EverMind breaks 100M tokens
EverMind announced an MSA (Memory Sparse Attention) architecture that it says enables efficient end-to-end long-term memory and breaks the 100M token context barrier—opening up new long-history RAG and session-persistence use cases. That claim, if validated, changes how enterprise search can handle massive conversation histories. (prnewswire.com)

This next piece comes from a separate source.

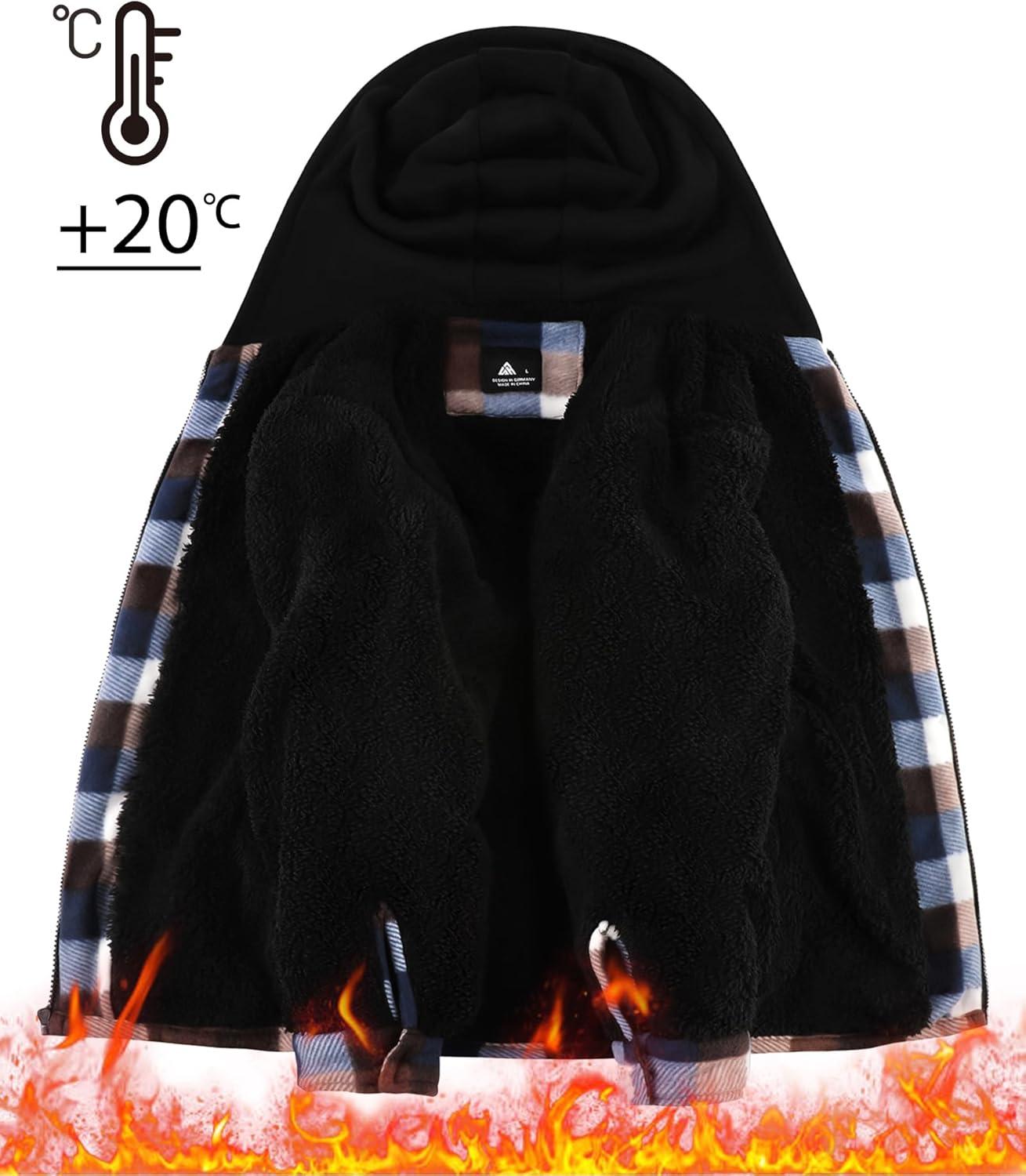 ZITY Boys Flannel Shirt Jacket Fleece Sherpa Lined Plaid Jackets Unisex Coat Full Zip Hoodie Girls Winter Outwear 6-15 Years(Dark Grey)

EverMind posted its research paper on March 18 and followed with a PR release from San Mateo on March 19, 2026. (prnewswire.com) The project's GitHub repo hosts an MSA implementation and README claiming near‑linear O(L) complexity and under 9% performance degradation when scaling from 16K to 100M token contexts. (github.com) Core engineering components listed in the repo include top‑k selection fused with sparse attention, document‑wise RoPE (parallel/global), KV‑cache compression, a Memory Parallel inference engine, and a Memory Interleave mechanism for multi‑round multi‑hop reasoning. (github.com) EverMind states the Memory Parallel design uses GPU‑resident routing keys with CPU‑resident content K/V plus on‑demand transfers to enable extreme‑scale inference on a 2×NVIDIA A800 setup. (github.com) The paper evaluates MSA on long‑context QA benchmarks and a Needle‑In‑A‑Haystack (NIAH) workload with context sweeps reported up to 1M tokens, and the repo claims results that surpass same‑backbone RAG stacks and leading long‑context models. (prnewswire.com) EverMind frames MSA as a trainable, end‑to‑end latent‑state memory framework intended as a “memory plug‑in” for models, emphasizing differentiability and scalability as design goals. (github.com) Coverage links EverMind to Shanda Group’s larger “Discoverative AI” strategy in some outlets, and the repo plus paper are publicly available for inspection on GitHub. (ai-watch.jp)